---- Given data

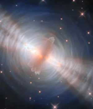 Dois raios brilhantes saem da estrela, iluminando lóbulos polares em movimento rápido que perfuram anéis de material mais antigos e mais lentos, dispostos em arcos concêntricos. A estrutura e o movimento destas características apontam para uma possível influência gravitacional de uma ou mais estrelas companheiras invisíveis, escondidas dentro de um denso disco de poeira.
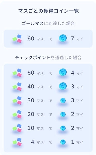 ・チェックポイントを通過したり、ゴールに到達したりすると、マスに応じてコインを獲得することができます。
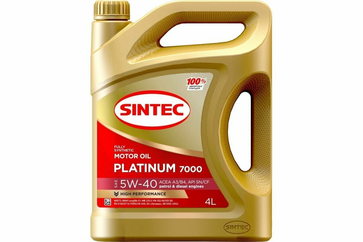 Купить Масло моторное синтетическое SINTEC Platinum 7000 5W40 4 л для а/м BMW, MERCEDES-BENZ, VOLKSWAGEN (600139)
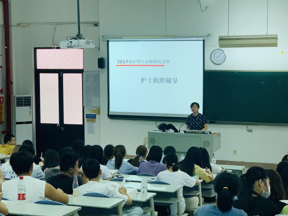 9月秋季開學后,護理系開展了為期一周的護考線下培訓,為精準扶貧班學生進行考前強化輔導。謝濤與龔海蓉兩位系部領導親自指揮,組織培訓團隊制定培訓計劃。
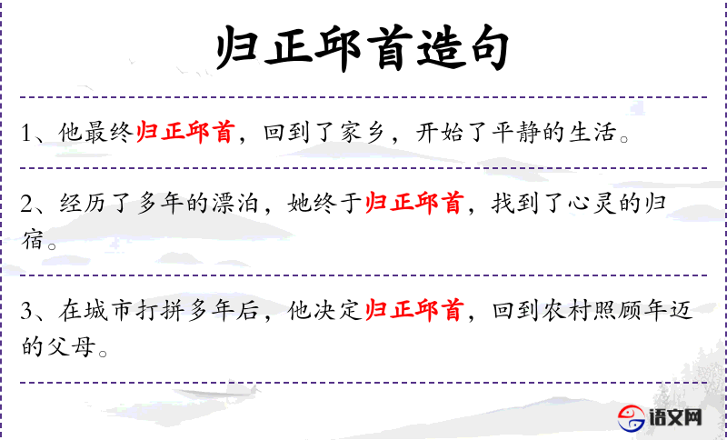 - 归正邱首:这个成语源自《左传·僖公二十五年》,原文是“归正邱首,不忘本也”,意为回到原来的地方,不忘本。
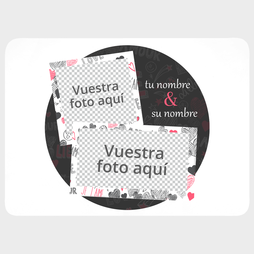 Mantel individual con base corcho para San Valentín diseño polaroids personalizable
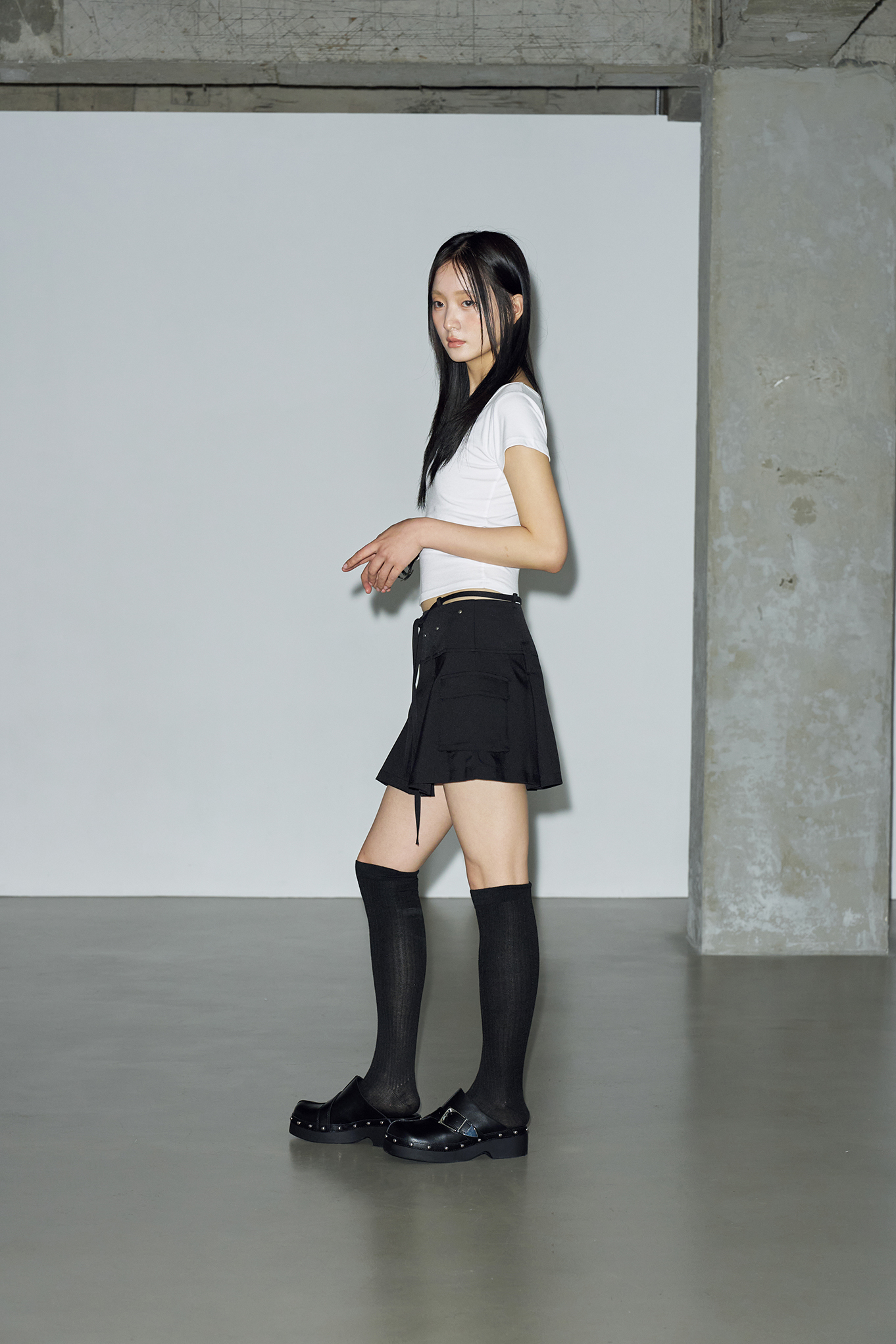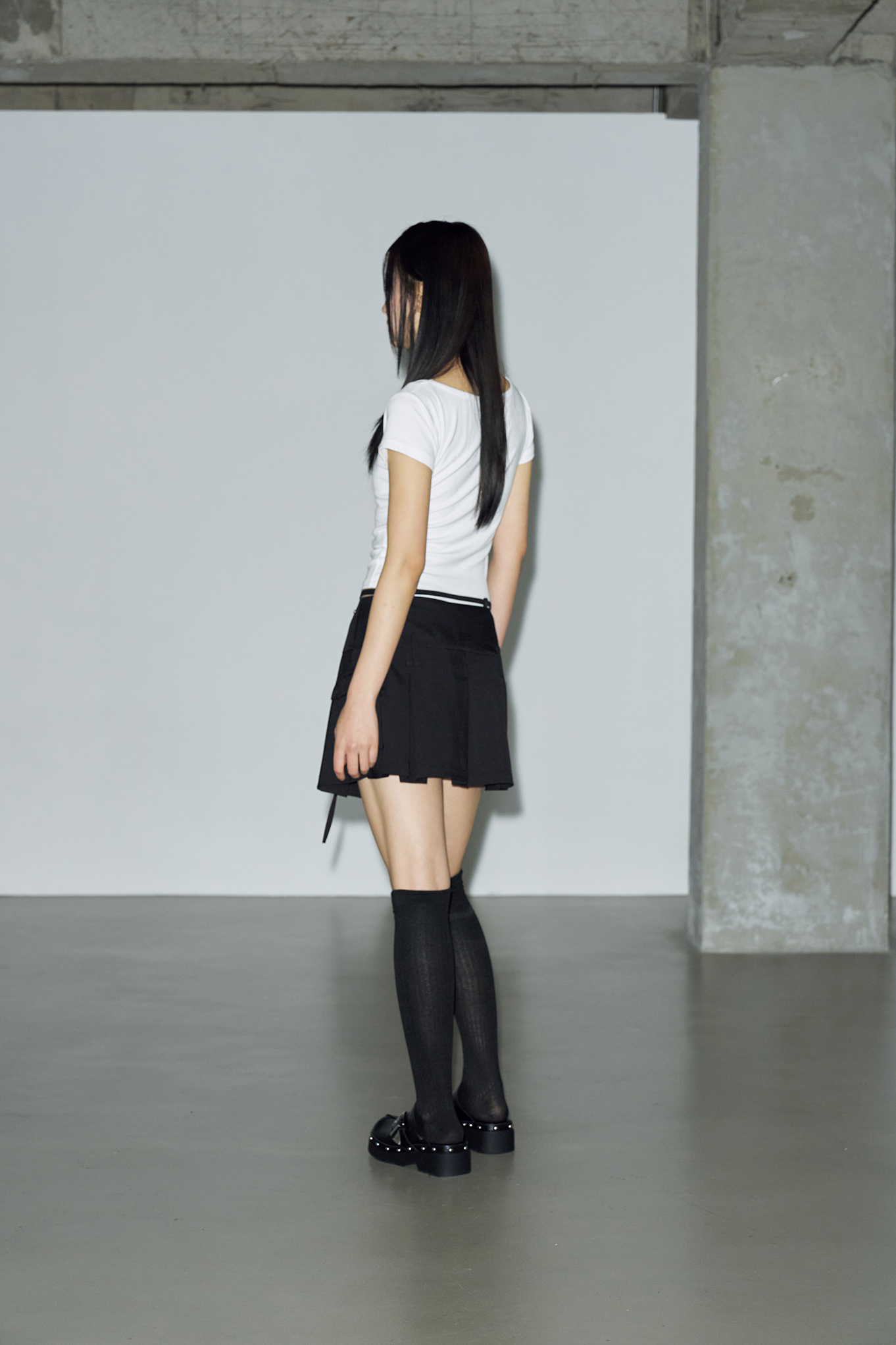 - 기존 플리츠 스커트 웨이스트 라인에 스터드 포인트를 추가하여 락시크 무드를 녹여냈습니다.
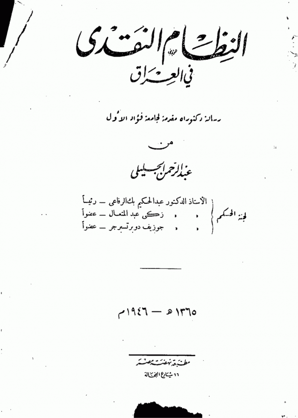 النظام النقدي في العراق / إعداد عبد الرحمن الجليلي ؛ إشراف الأستاذ الدكتور عبد الحكيم بك الرفاعي.
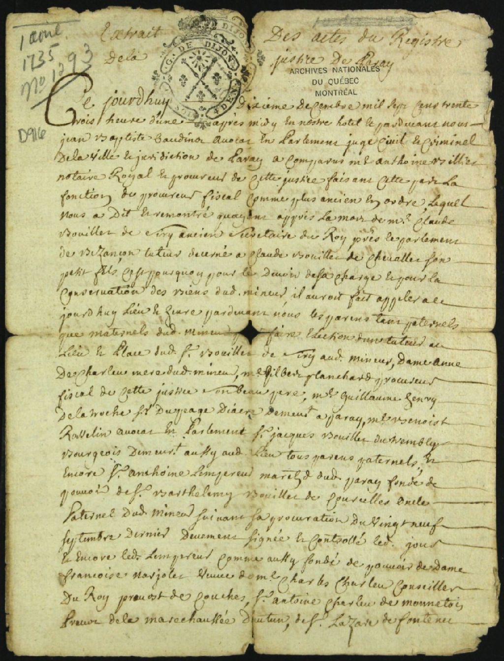 Extrait de la tutelle et de la curatelle de Claude Bouillet Chevalet, enfant mineur de feu Claude Bouillet Chevalet et d'Anne Charland, 1 avril 1735, Archives nationales à Montréal, Fonds Cour supérieure. District judiciaire de Montréal. Tutelles et curatelles, (06M,CC601,S1,SS1,D916).
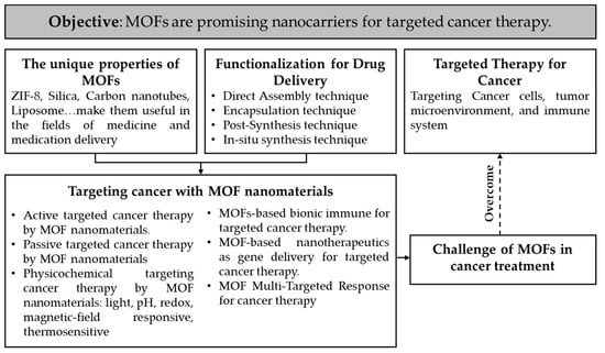 To battle diseases such as cancer, scientists are constantly looking for novel treatments, early diagnoses, and early detection methods. The principal application of MOFs beyond this viewpoint is their potential as cutting-edge materials and systems for cancer therapy []. Also highlighted are several difficult and promising facets of MOF-based cancer diagnosis and therapy. There are also a few successful case studies that can provide a phase change to clinics, but this is a fascinating field of science with progressive breakthroughs that require intense emphasis to fully transfer from bench to bedside. This is a crucial step in identifying the restrictions and barriers to the use of cutting-edge materials, such as MOFs, for the treatment of cancer that has reached the clinical stage [,].
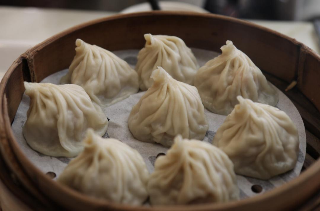 裹着汤汁的汤包皮也是讲究,皮太厚了口感差,皮太薄了出锅容易漏,又怕被汤泡久了面皮口感变差。
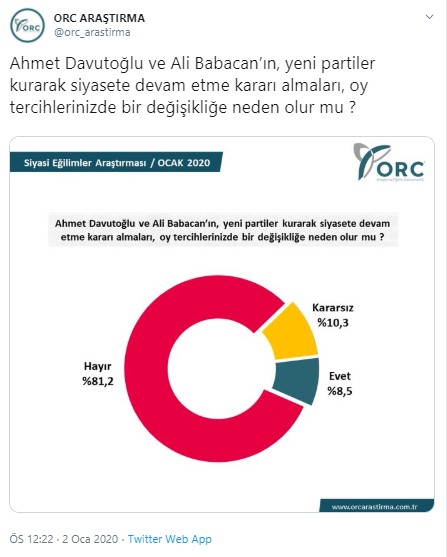 Öte yandan katılımcılara AK Parti'den ayrılan Ahmet Davutoğlu ve Ali Babacan'ın yeni partiler kurarak siyasete devam kararı almalarının oy tercihlerinde değişikliğe yol açıp açmayacağı da soruldu. Yüzde 8,5 değişikliğe neden olur derken yüzde 81,2'si hayır yanıtı verdi.
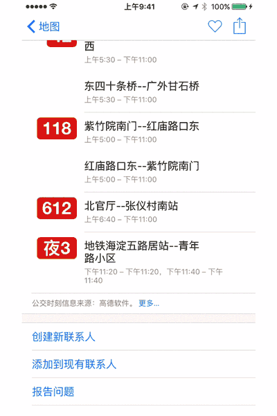 虽然苹果地图上线之后就一直很坎坷,还直接导致了前 iOS 主管 Scott Forstall 离职,但苹果最近几年对地图应用一直很上心。在 iOS 9 中加入了两大比较实用的功能,第一个功能就是开始支持公共交通,用户可以查询公交车、地铁等公交信息。第二个功能就是查询附近的咨询,可以快速检索周围的餐饮、购物以及娱乐等信息。
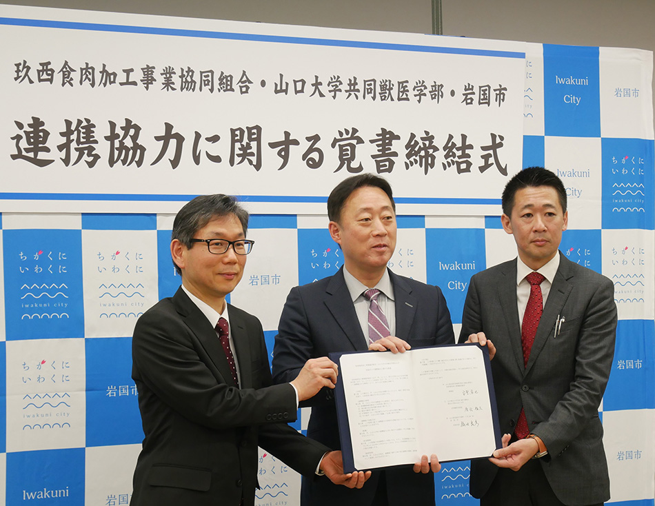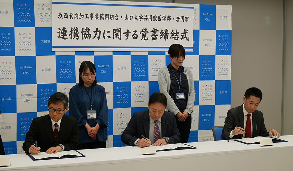 令和6年3月29日(金)に,本学部,岩国市及び玖西食肉加工事業協同組合の三者で連携協力に関する覚書を締結しました。
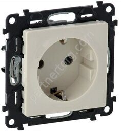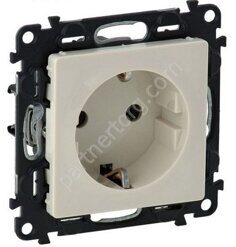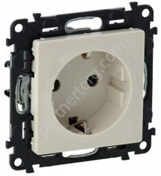 Номинальное напряжение 250. Номинальный ток 16А. Тип зажима жил провода: безвинтовые. С защитными шторками. С лицевой панелью. Цвет: слоновая кость. Суппорт в комплекте. Рамки продаются отдельно.

--------

Instructions to follow: Word for word, please reproduce each entry above and leave out every picture.

Task solution:
 Dois raios brilhantes saem da estrela, iluminando lóbulos polares em movimento rápido que perfuram anéis de material mais antigos e mais lentos, dispostos em arcos concêntricos. A estrutura e o movimento destas características apontam para uma possível influência gravitacional de uma ou mais estrelas companheiras invisíveis, escondidas dentro de um denso disco de poeira.
 ・チェックポイントを通過したり、ゴールに到達したりすると、マスに応じてコインを獲得することができます。
 Купить Масло моторное синтетическое SINTEC Platinum 7000 5W40 4 л для а/м BMW, MERCEDES-BENZ, VOLKSWAGEN (600139)
 9月秋季開學后,護理系開展了為期一周的護考線下培訓,為精準扶貧班學生進行考前強化輔導。謝濤與龔海蓉兩位系部領導親自指揮,組織培訓團隊制定培訓計劃。
 - 归正邱首:这个成语源自《左传·僖公二十五年》,原文是“归正邱首,不忘本也”,意为回到原来的地方,不忘本。
 Mantel individual con base corcho para San Valentín diseño polaroids personalizable
 - 기존 플리츠 스커트 웨이스트 라인에 스터드 포인트를 추가하여 락시크 무드를 녹여냈습니다.
 النظام النقدي في العراق / إعداد عبد الرحمن الجليلي ؛ إشراف الأستاذ الدكتور عبد الحكيم بك الرفاعي.
 Extrait de la tutelle et de la curatelle de Claude Bouillet Chevalet, enfant mineur de feu Claude Bouillet Chevalet et d'Anne Charland, 1 avril 1735, Archives nationales à Montréal, Fonds Cour supérieure. District judiciaire de Montréal. Tutelles et curatelles, (06M,CC601,S1,SS1,D916).
 To battle diseases such as cancer, scientists are constantly looking for novel treatments, early diagnoses, and early detection methods. The principal application of MOFs beyond this viewpoint is their potential as cutting-edge materials and systems for cancer therapy []. Also highlighted are several difficult and promising facets of MOF-based cancer diagnosis and therapy. There are also a few successful case studies that can provide a phase change to clinics, but this is a fascinating field of science with progressive breakthroughs that require intense emphasis to fully transfer from bench to bedside. This is a crucial step in identifying the restrictions and barriers to the use of cutting-edge materials, such as MOFs, for the treatment of cancer that has reached the clinical stage [,].
 裹着汤汁的汤包皮也是讲究,皮太厚了口感差,皮太薄了出锅容易漏,又怕被汤泡久了面皮口感变差。
 Öte yandan katılımcılara AK Parti'den ayrılan Ahmet Davutoğlu ve Ali Babacan'ın yeni partiler kurarak siyasete devam kararı almalarının oy tercihlerinde değişikliğe yol açıp açmayacağı da soruldu. Yüzde 8,5 değişikliğe neden olur derken yüzde 81,2'si hayır yanıtı verdi.
 虽然苹果地图上线之后就一直很坎坷,还直接导致了前 iOS 主管 Scott Forstall 离职,但苹果最近几年对地图应用一直很上心。在 iOS 9 中加入了两大比较实用的功能,第一个功能就是开始支持公共交通,用户可以查询公交车、地铁等公交信息。第二个功能就是查询附近的咨询,可以快速检索周围的餐饮、购物以及娱乐等信息。
 令和6年3月29日(金)に,本学部,岩国市及び玖西食肉加工事業協同組合の三者で連携協力に関する覚書を締結しました。
 Номинальное напряжение 250. Номинальный ток 16А. Тип зажима жил провода: безвинтовые. С защитными шторками. С лицевой панелью. Цвет: слоновая кость. Суппорт в комплекте. Рамки продаются отдельно.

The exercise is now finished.